Quando era ancora lontano il padre lo vide e commosso gli corse incontro, gli si gettò al collo e lo baciò.
Il figlio gli disse: Padre, ho peccato contro il Cielo e contro di te; non sono più degno di esser chiamato tuo figlio.
Ma il padre disse ai servi: Presto, portate qui il vestito più bello e rivestitelo, mettetegli l’anello al dito e i calzari ai piedi.
Portate il vitello grasso, ammazzatelo, mangiamo e facciamo festa, perché questo mio figlio era morto ed è tornato in vita, era perduto ed è stato ritrovato.
E cominciarono a far festa.
Il figlio maggiore si trovava nei campi.
Al ritorno, quando fu vicino a casa, udì la musica e le danze; chiamò un servo e gli domandò che cosa fosse tutto ciò.
Il servo gli rispose: È tornato tuo fratello e il padre ha fatto ammazzare il vitello grasso, perché lo ha riavuto sano e salvo.
Egli si arrabbiò, e non voleva entrare.
Il padre allora uscì a pregarlo.
Ma lui rispose a suo padre: Ecco, io ti servo da tanti anni e non ho mai trasgredito un tuo comando, e tu non mi hai dato mai un capretto per far festa con i miei amici.
Ma ora che questo tuo figlio che ha divorato i tuoi averi con le prostitute è tornato, per lui hai ammazzato il vitello grasso.
Gli rispose il padre: Figlio, tu sei sempre con me e tutto ciò che è mio è tuo; ma bisognava far festa e rallegrarsi, perché questo tuo fratello era morto ed è tornato in vita, era perduto ed è stato ritrovato”.

Dalla parabola in esame, dove Amore, Disaccordo, Rabbia, Perdono, Umiltà e Pentimento s’intrecciano, tessendo una trama di non facile comprensione, si trae un insegnamento semplice ma di un’importanza cosmica.
L’Amore, il sentimento che rende vivo un uomo, la ragione della sua esistenza (qualcuno sembra venuto al mondo al solo scopo di seminar male … ma questa è una storia a parte!), non vincola, quando è puro, e può cambiar pelle, quando è strappato, riacquistando bellezza.
Amare è non avere paura della solitudine o delle eventuali tempeste che scuoteranno i panorami, è accettare il rischio di veder andar via chi si ama e riuscire ad essere felici per la sua felicità, per l’eventuale ricerca di essa.
Una narrazione, 3 personaggi, ciascuno col proprio sentire, 3 protagonisti importanti …
Non esiste un finale “univoco” ma, cosa che non avevo mai soppesato, più scelte, più direzioni …
A ciascuno di noi, la vita, fornisce l’inchiostro per scrivere le ultime righe della nostra storia!

L.M.Epicoco
– Carla –

 

 

 

9 pensieri su “Un pasto caldo per l’Anima

  1. Bella parabola! 🙂 A proposito di questa, quest’estate – su dei tavoli di un mercatino – ho acquistato “L’abbraccio benedicente”, di Henry Leuwen; devo ancora leggerlo…
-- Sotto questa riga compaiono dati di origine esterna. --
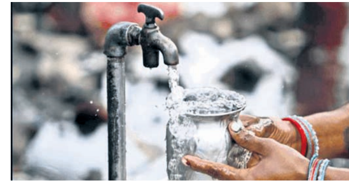
POST NEWS NETWORK

The foundation stone of the institute was laid by Vajpayee July 15, 2003. AIIMS-Bhubaneswar is noteworthy as the second AIIMS established in the country and the only one whose foundation stone was laid by the former PM himself.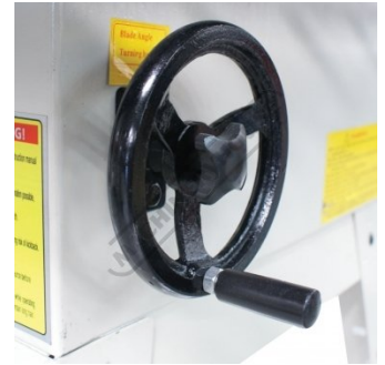
Tilting Arbor Hand Wheel and Lock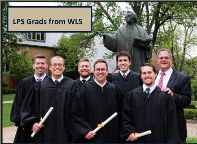
LPS Grads from WLS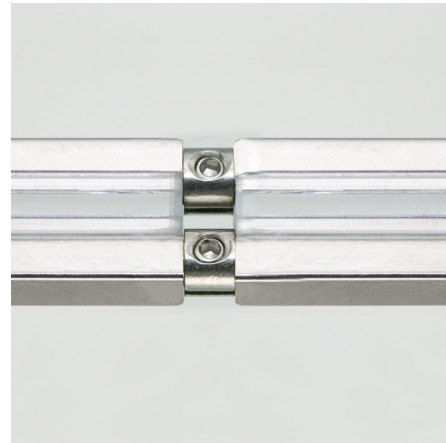
Shown in satin nickel

This is a pair of Monorail Conductive Connectors for joining sections of Tech Lighting Monorail rails end to end. Connectors are included with all Monorail pieces; this additional pair can be used if cutting and rejoining rails.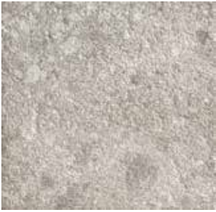
E2RR01-24S Norr Vit Structure 23.5" x 23.5" x 20mm Sq. Ft.: $17.48 – Pc.: $67.82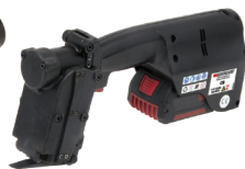
GripPack CB Cutter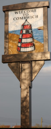
Welcome to Combwich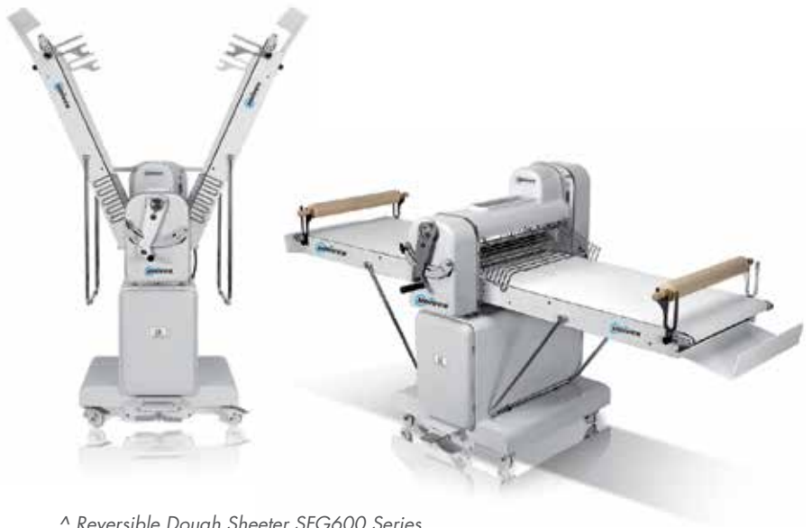
^ Reversible Dough Sheeter SFG600 Series

Sheeter tables feature perfectly synchronized drives. Exit conveyor is faster than entry to avoid possible dough obstruction and prevent tearing of delicate dough. These units also sheet dough onto rolling pins to allow longer than out-feed table length sheets of dough. The versatile SFG600TL features variable speed and cutter rollers in different shapes and sizes (contact factory for details). The SFG500 comes in both bench and floor models. All sheeter tables, (except models TMM and TL) fold upright for easy storage.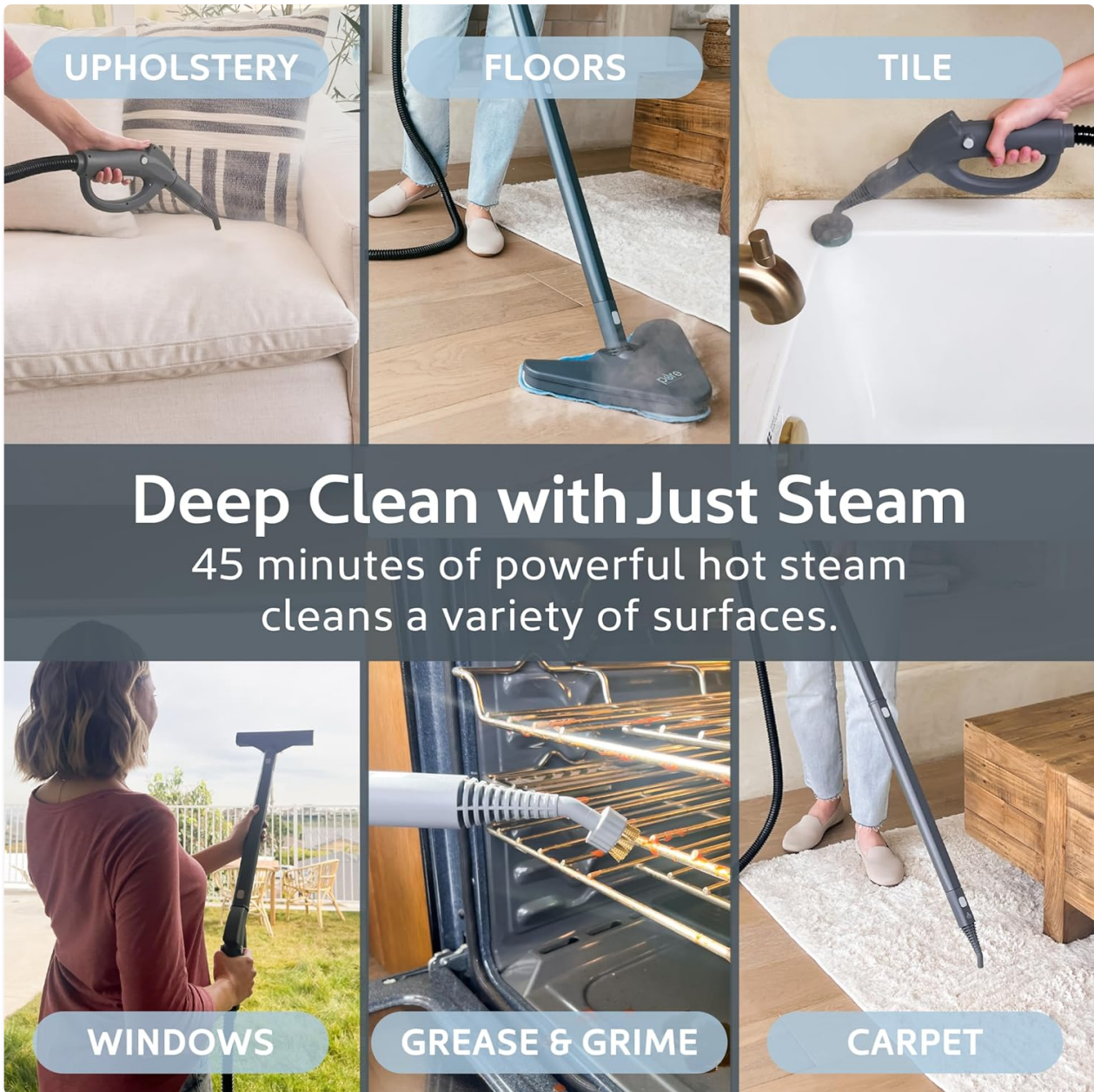
Image: A collage showing the steam cleaner effectively cleaning upholstery, floors, tile, windows, grease on a stovetop, and carpet.

Video: Official product video demonstrating the PureClean XL Rolling Steam Cleaner in use for various cleaning tasks around the home.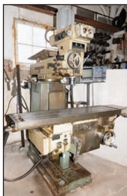
TOS FNK25 vertical milling machine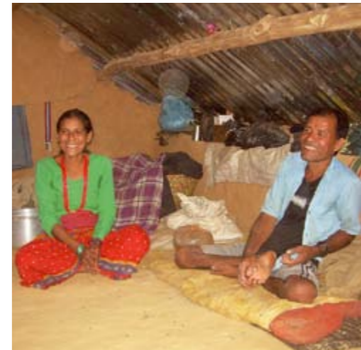
INF CLIENTS FROM DAILEKH

Expatriate staff needs: A full up-to-date list of all expatriate staff vacancies is available on request from the INF Worldwide Recruitment Officer at recruitment@world.inf.org and on our web site at www.inf.org/jobs

      • Buongiorno Carla, lo farò senz’altro, te lo prometto! 🙂 Grazie, i tuoi pensieri mi riempiono sempre di gioia! Un abbraccio anche a te ❤

    • Ciao Allegro, io, al contratrio, la trovo una vera perla di saggezza, tocca tutti e non tocca nessuno, puoi ritrovarti in ogni personaggio e metterti nella condizione di capire l’altro. Serena notte …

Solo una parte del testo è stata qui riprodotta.